I found a statement said that the proposition "Mathematical induction can be applied on any total order set" is False.
(The place I found the statement might not be believable.)
This means that there is a counterexample where cannot the math induction be applied.
I didn't find out much information about the relation of Mathematical induction and total-ordered set. So I guess somewhere I thought wrong.
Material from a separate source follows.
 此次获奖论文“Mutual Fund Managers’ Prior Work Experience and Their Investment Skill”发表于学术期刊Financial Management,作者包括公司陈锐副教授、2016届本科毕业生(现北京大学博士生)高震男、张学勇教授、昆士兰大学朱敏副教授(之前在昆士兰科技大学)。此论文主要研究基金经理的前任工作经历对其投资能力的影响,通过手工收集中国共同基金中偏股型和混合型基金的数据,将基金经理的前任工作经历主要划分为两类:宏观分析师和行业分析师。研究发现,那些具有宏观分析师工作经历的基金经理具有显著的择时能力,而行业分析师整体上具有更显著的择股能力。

I have no robust concept about them though, however I thought that any total-ordered set can be applied math induction, stated with my naive intuition below:
Because Mathematical induction is based on well-ordering principle, which is applied on $\mathbb{Z^+}$, I'd consider that any total-ordered set is isomorphic to $\mathbb{Z^+}$. By applying a topological sort on the total-ordered set, we can get a chain. The chain is actually the longest path of the total ordered set, so it preserves the order property. The isomorphism $f$ can be defined by: For all elements $x$ in the total-ordered set, $f(x)=$ " $x$'s order number in the chain".
Hence, I "guess" that math induction can be applied on the total-ordered set,
based on the assumption that "If any set is isomorphic to $\mathbb{Z^+}$, and that isomorphism preserves the order information, then math induction can be applied on it", which I cannot tell is correct or not.
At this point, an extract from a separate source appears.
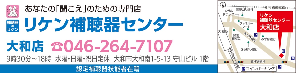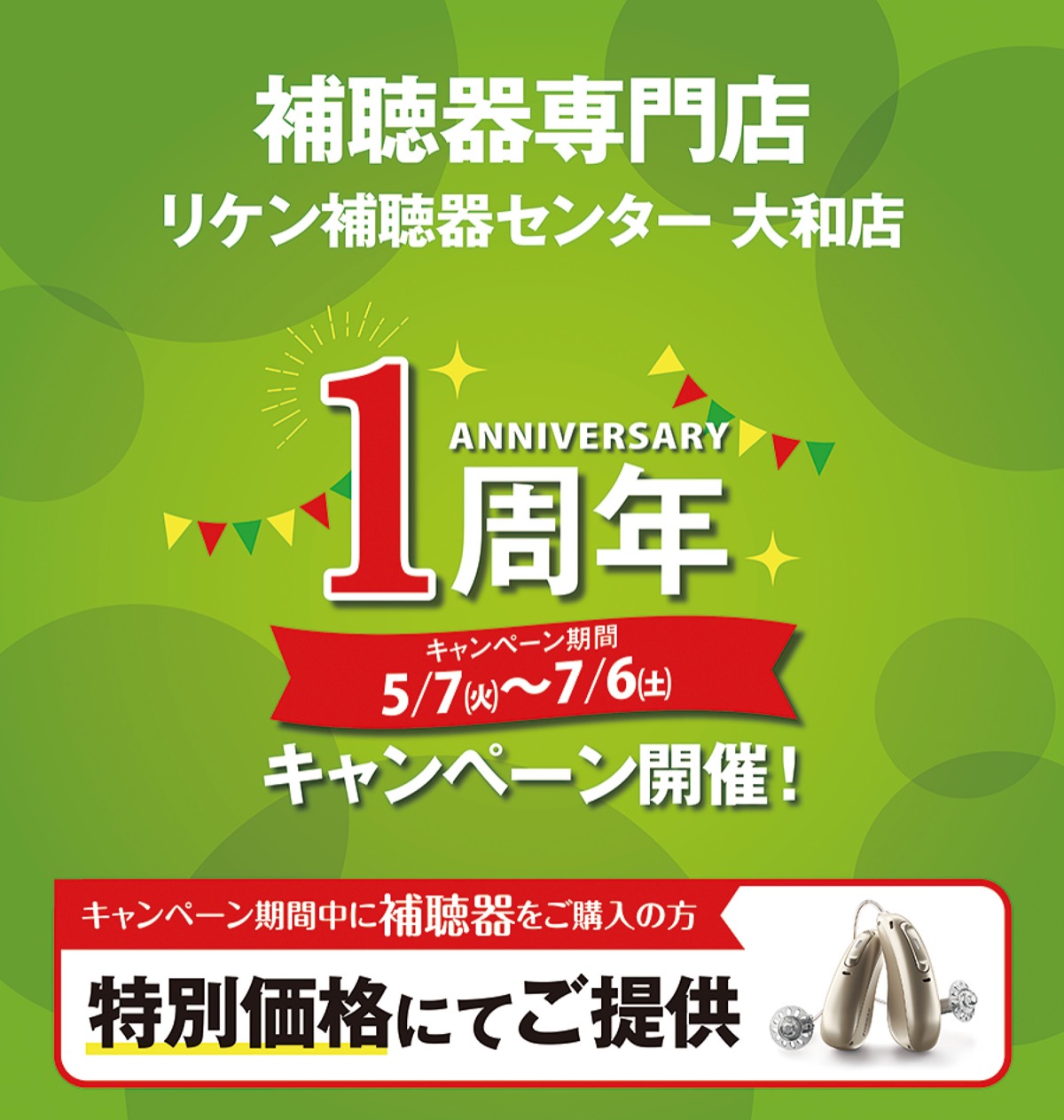 『リケン補聴器センター 大和店』(大和駅から徒歩2分)がオープン1周年キャンペーンを7月6日(土)まで開催。期間中、補聴器を特別価格で販売するほか、相談を行った人へのプレゼントを進呈(数に限りあり)。

Thanks for any hint and correction!
Best Answer
One very general form of induction is well-founded induction. Suppose $\le$ well-founds $S$. Since any non-empty subset of $S$ has a $\lt$-minimal element, contrapositively $$(\forall x\in S(x\lt y\to\phi(x))\to\phi(y))\to\forall y\in S(\phi(y)).$$
One can't generalise this to total ordering, which doesn't guarantee an analogous property of $S$'s non-empty subsets.
However, one can sometimes induct without knowing how to well-found a set. For example, real induction relies on the fact that subsets of $\Bbb R$ have infima and suprema.